AppTenantId is required for single-tenant bots. The host also needs the Microsoft 365 Agents SDK configuration sections such as token validation and service connections. Teams file uploads are downloaded by the Agents SDK attachment downloader and surfaced as HPD input files before the agent run.
Graph-backed Teams history is opt-in:
builder.Services.AddTeamsGraphHistory(graphClient);Use that only when the host already has a configured GraphServiceClient.
For Agents SDK configuration, Teams auth modes, capabilities, and troubleshooting, see Teams Bots.
Sessions And Thread Keys
Each adapter turns platform identity into a thread key:
- Slack: channel id plus thread timestamp.
- Discord: interaction, channel, or thread identity depending on event source.
- Telegram: chat id plus optional message thread id.
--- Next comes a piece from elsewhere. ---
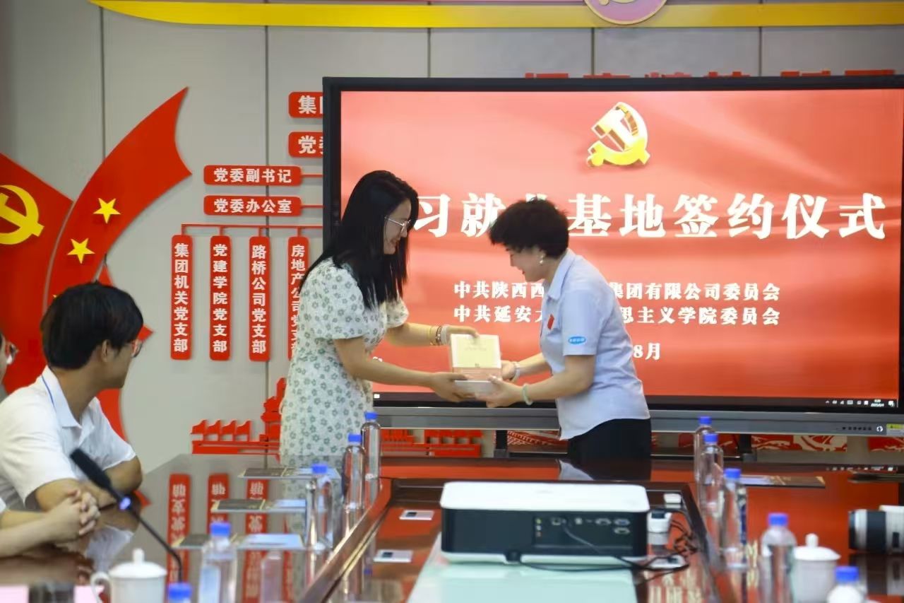 在走访交流座谈会上,调研组与单位负责人深入交流,介绍了公司各公司的学科优势、人才培养特色及毕业生就业情况,用人单位详细介绍了其发展现状、人才需求以及校企合作意向。双方围绕人才培养、实习实践、毕业生就业、科研协作等方面进行了广泛深入的探讨。赵海龙向用人单位授挂“实习就业基地”牌匾并签署了实习就业基地合作协议。苗玉园向合作单位赠送了《平凡的世界》及党史党建等相关书籍资料。

- WhatsApp: phone number id plus user WhatsApp id.
- Teams: conversation id plus service URL.
PlatformSessionMapper maps that key to an HPD session and branch. The first message creates the HPD session and branch; later messages in the same platform thread reuse them.
Permissions And Streaming
Bot adapters project HPD runtime output into platform-native responses. Text deltas may become message edits, native streams, buffered posts, or final messages depending on the adapter. Cards and permission requests are also platform-specific.
Do not assume all platforms expose the same permission interaction. Slack currently has the richest button-oriented flow. Other adapters may render simpler controls, deny automatically, or require platform-specific action handling.